(DATA SHOWN Opens)

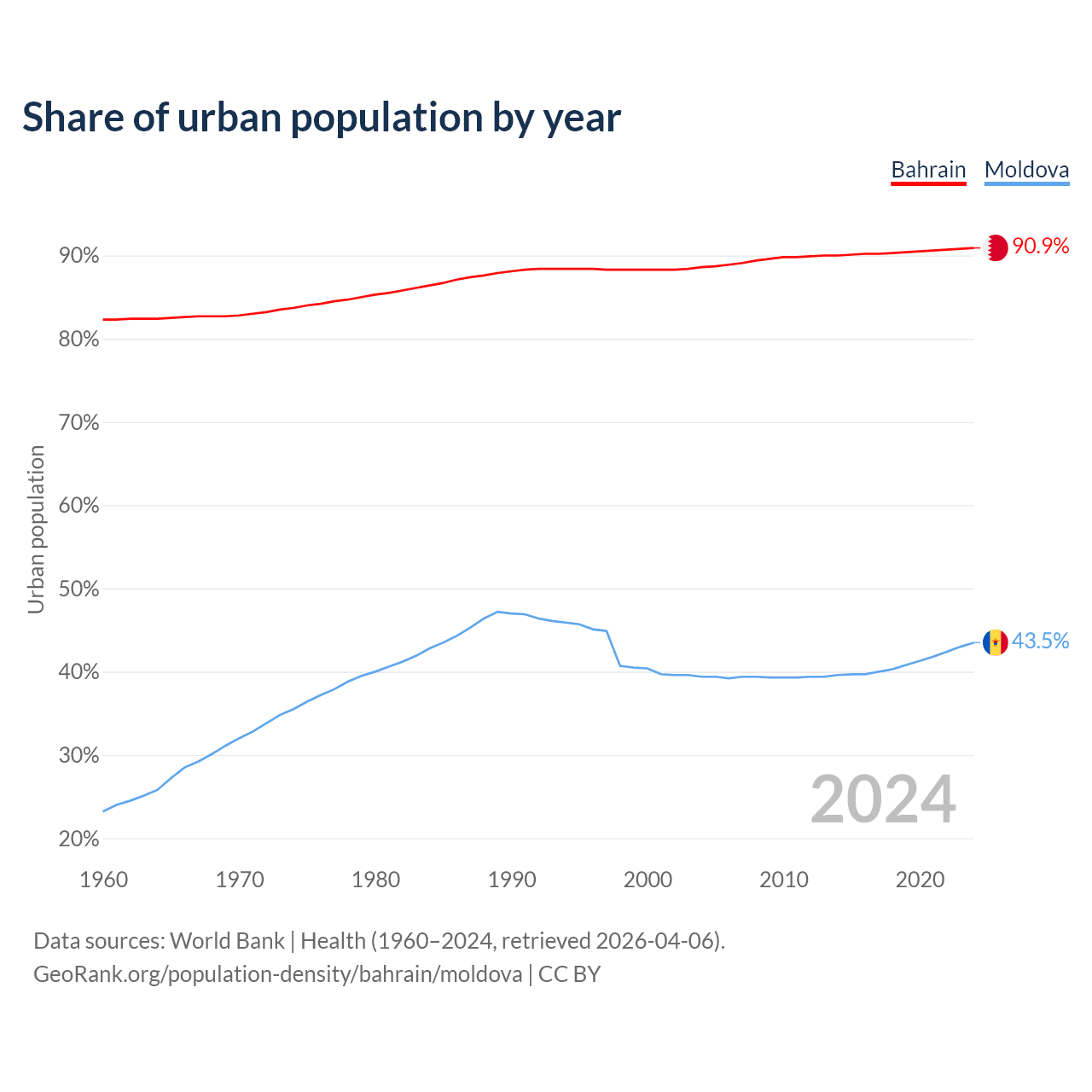 From 2004 to 2024, the share of urban population changed from 88.6% to 90.9% in Bahrain and from 39.4% to 43.5% in Moldova.
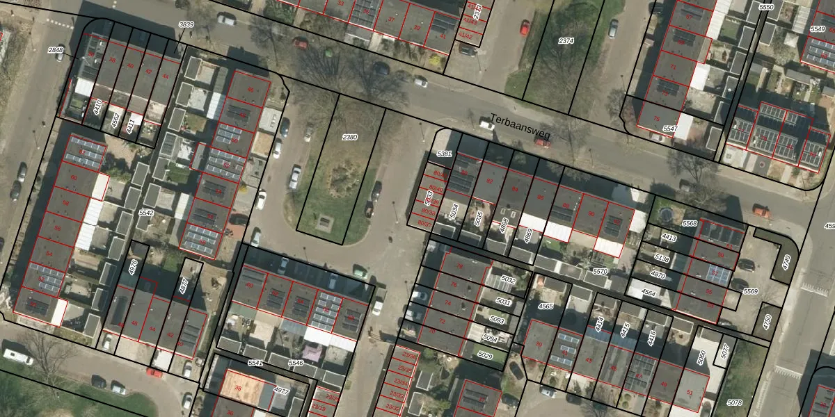 Terbaansweg 80-38 is gelegen op kadastraal perceel RMD00F5033. Deze kadastrale aanduiding is uniek en wordt gebruikt door het Kadaster om eigendomsrechten en andere zakelijke rechten vast te leggen. Het perceel maakt onderdeel uit van de kadastrale gemeente Roermond.
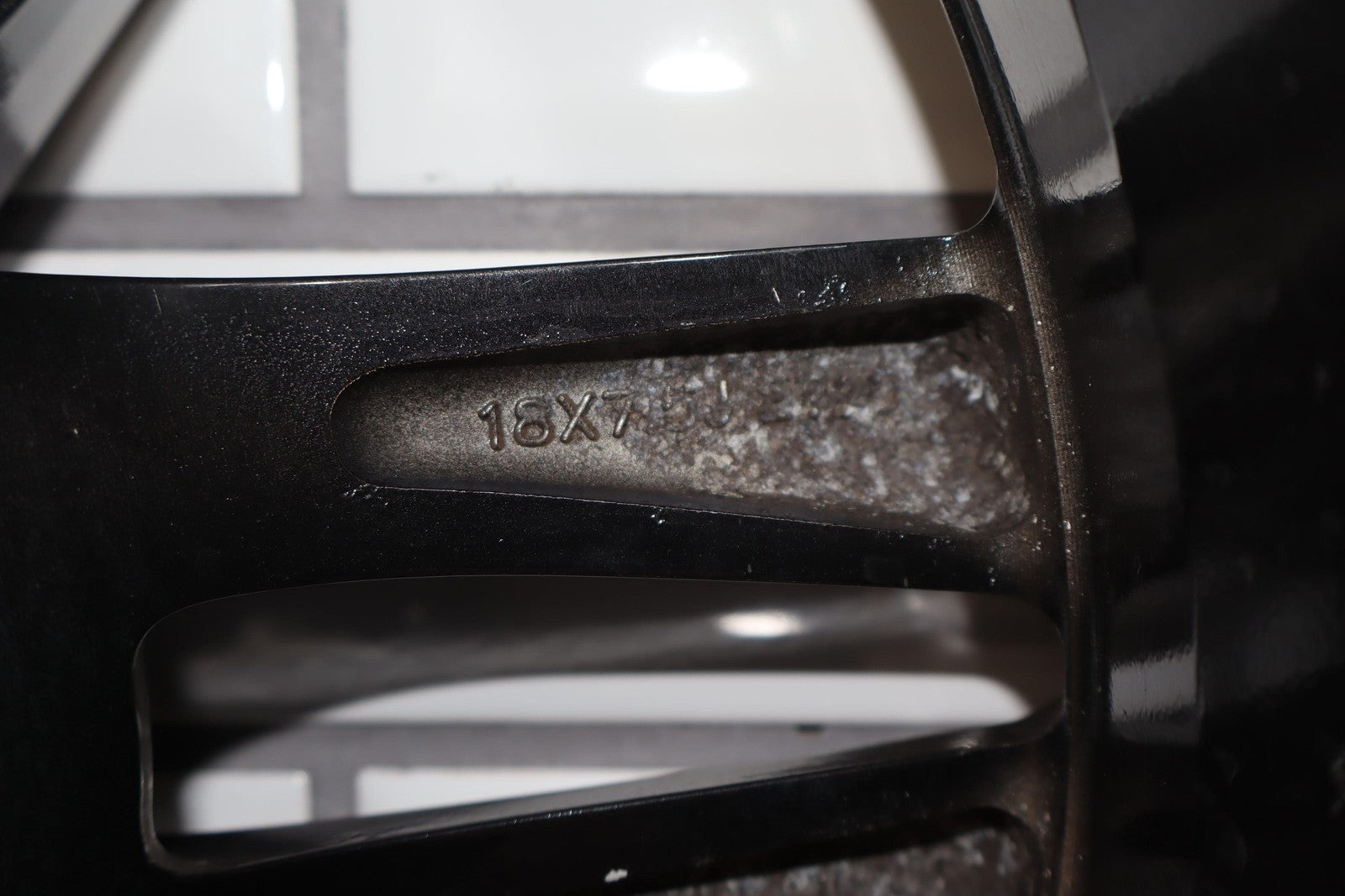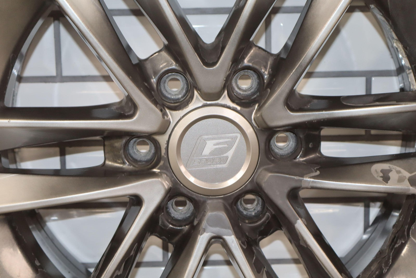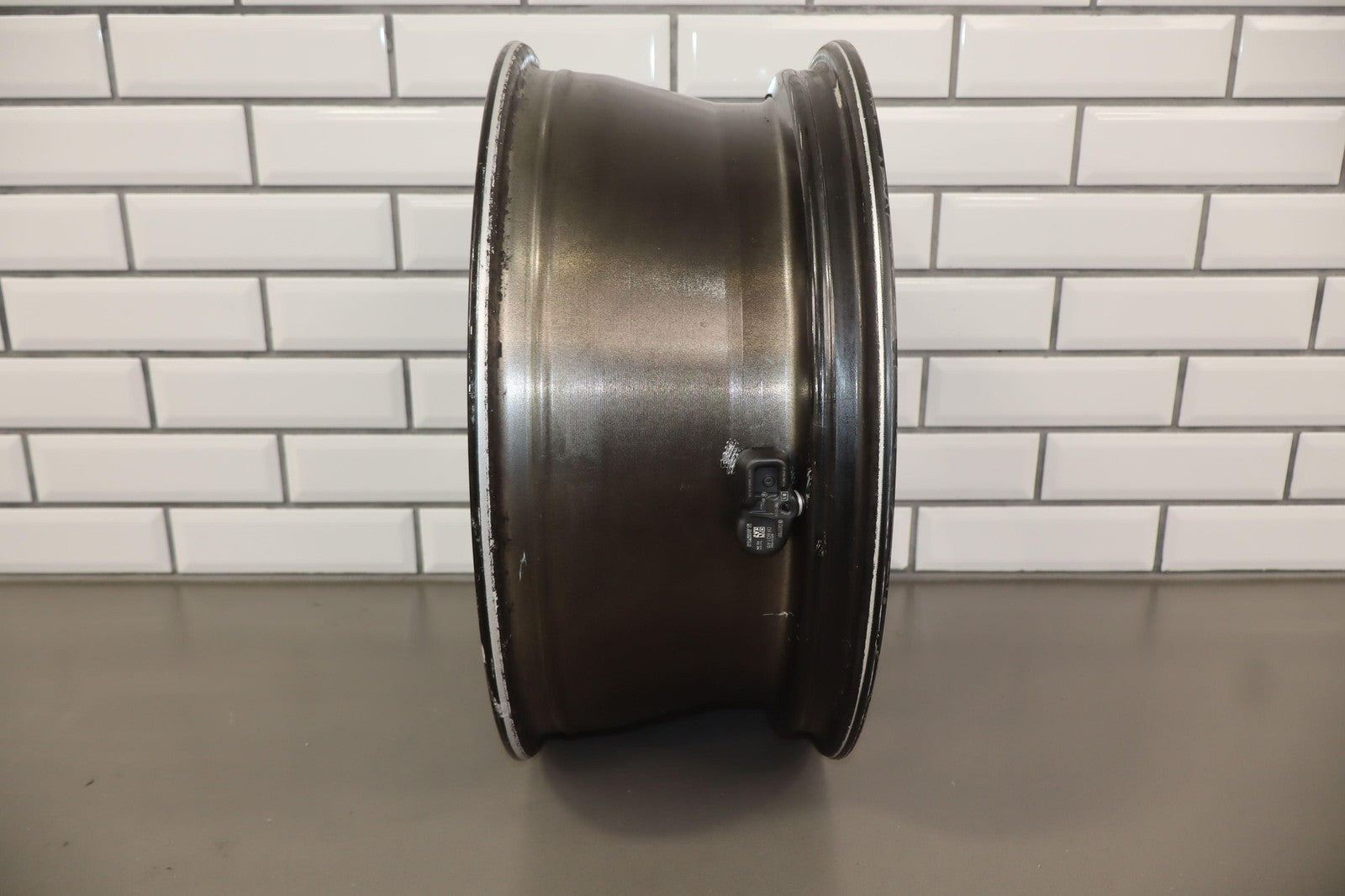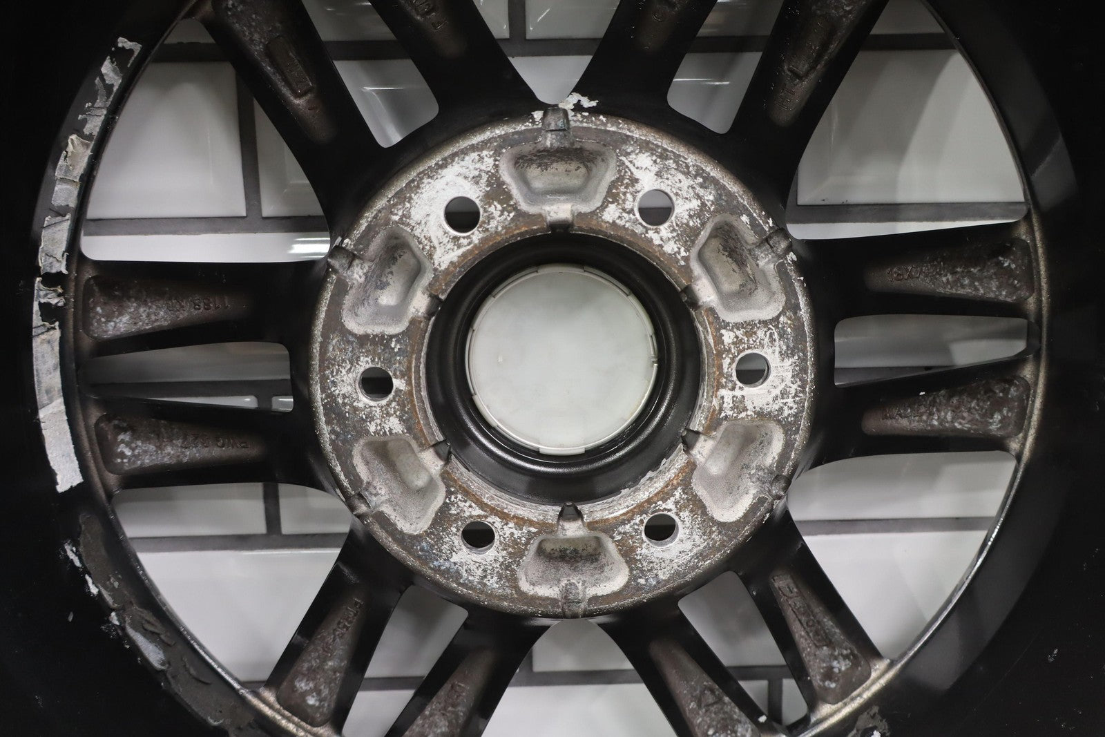 Lh Rear, 18x7.5 Split 6 Spoke Wheel, Gunmetal, Some Curb Rash, Heavy Finish Peel, Spun True

(DATA SHOWN Closes)

▶ [WHAT YOU ARE ASKED TO DO] Beginning with the line containing "Terbaansweg 80-38 is" and ending with the last line of the material, output each line exactly; do not include pictures.

▶ [RESPONSE AREA]
 Terbaansweg 80-38 is gelegen op kadastraal perceel RMD00F5033. Deze kadastrale aanduiding is uniek en wordt gebruikt door het Kadaster om eigendomsrechten en andere zakelijke rechten vast te leggen. Het perceel maakt onderdeel uit van de kadastrale gemeente Roermond.
 Lh Rear, 18x7.5 Split 6 Spoke Wheel, Gunmetal, Some Curb Rash, Heavy Finish Peel, Spun True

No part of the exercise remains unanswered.